Roll Call Clout Index

Code / May. 5, 2013

clout

The Clout Index shows each state’s relative influence in Congress. The NYT’s electoral college graphic inspired the use of Demers cartograms, which worked out great because it’s easy to see in the transitions which states’ representatives have influence disproportionate to the number of people they represent.

The state boxes are simple divs so theIE people can at least see the cartogram, but alas, 50 animating divs results in choppy animation unless you’re using Chrome on computer with a good GPU.

See interactive on CQ Roll Call or my archived version with no external dependencies

Roll Call redesign

Design / Apr. 1, 2010


To say that I was flattered when the folks at CQ-Roll Call asked me to help redesign the daily print Roll Call product would be a gross understatement. And even though I was already working on the WBJ redesign, that’s just not the sort of request you can say no to.
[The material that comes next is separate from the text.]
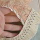 Newborn girl beige and pale teal lace photo prop romper. Frilly onesie first pic
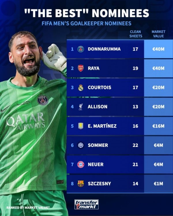 FIFA s best goalkeeper candidates worth ranking: Donnarumma, Raya top the list with 40 million euros

Roll Call had been without a redesign for even longer than the Business Journal, and was thus a mix of dated typography, quirky stock art icons and styles left behind from myriad designers that had worked there over the years. Roll Call is also pretty conservative (visually speaking) and they focus much more on long-form writing than design. So the design goal was pretty simple: A clean, simple and unified look that would bring some visual sophistication to their sophisticated stories. For my part, I pushed them to do more shorter-form stories, run larger photos and make more use of color.



Because of the way they are staffed, Roll Call doesn’t use many graphics. The poll map was very easy to update and provided a visual anchor for the At the Races standing feature.


Roll Call was resistant to color on the nameplate and section flags. The nameplate ended up black, but the inside sections are now color.

Typefaces used are Lyon Display, Lyon Text and Graphik — all available from my pal Christian Schwartz over at Commercial Type.